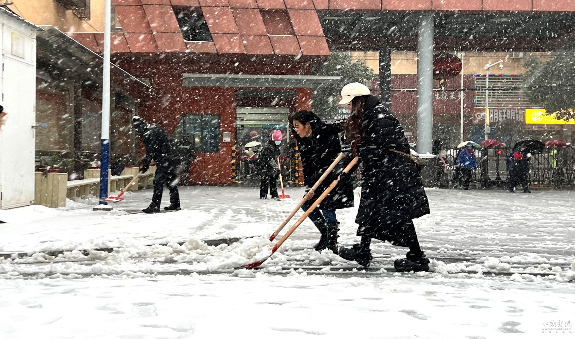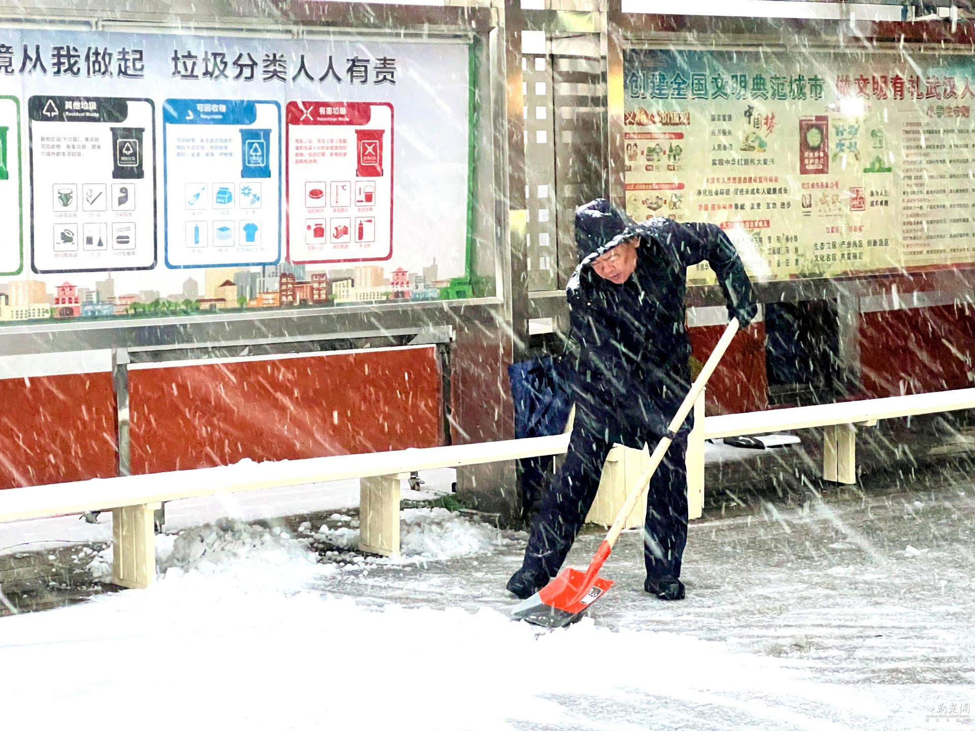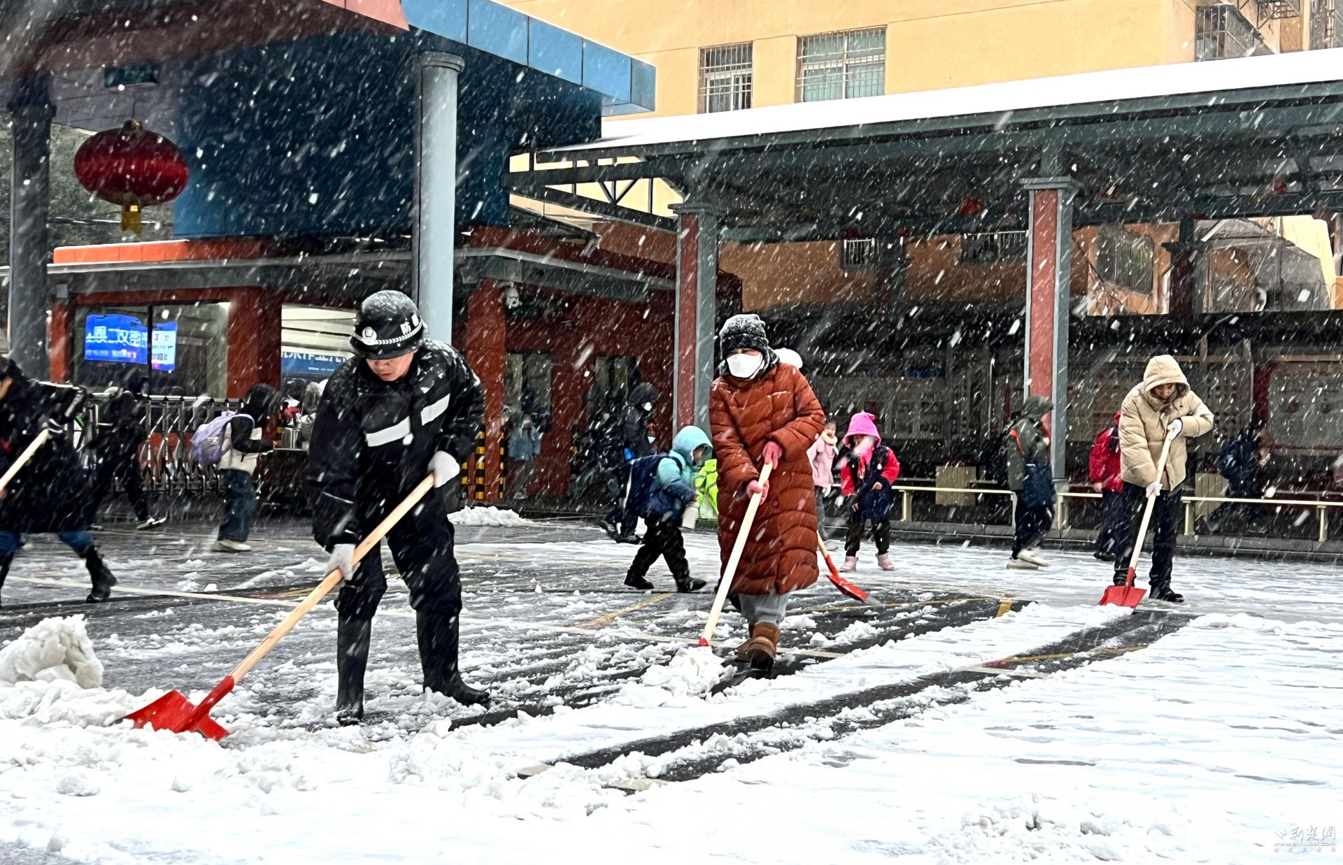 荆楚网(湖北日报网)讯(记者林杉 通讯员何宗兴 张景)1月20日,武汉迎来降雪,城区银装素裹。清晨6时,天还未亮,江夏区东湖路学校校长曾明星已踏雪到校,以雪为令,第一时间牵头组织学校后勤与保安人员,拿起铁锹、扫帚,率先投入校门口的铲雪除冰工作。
********************
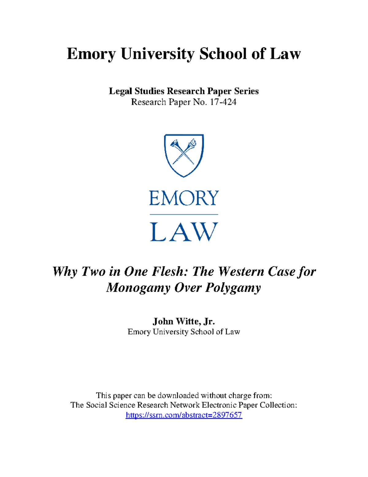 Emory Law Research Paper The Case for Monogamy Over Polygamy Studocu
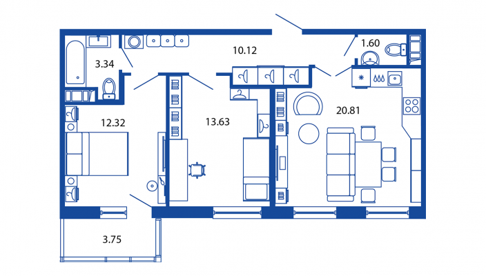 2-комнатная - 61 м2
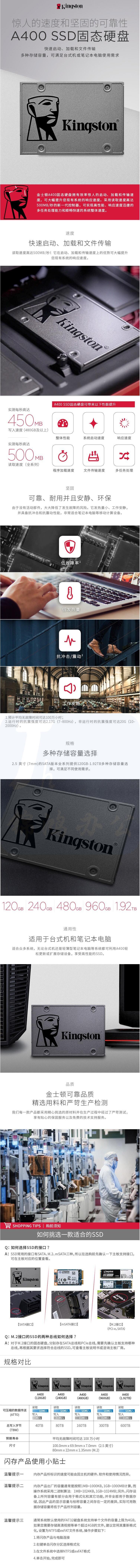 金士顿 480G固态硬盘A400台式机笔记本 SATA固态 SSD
********************
→ **What you should do**
Repeat the lines above exactly, beginning with the one containing "2-комнатная - 61 м2" and finishing with the one containing "金士顿 480G固态硬盘A400台式机笔记本 SATA固态 SSD". No pictures belong in the copy.

→ **Completed task**
 2-комнатная - 61 м2
 金士顿 480G固态硬盘A400台式机笔记本 SATA固态 SSD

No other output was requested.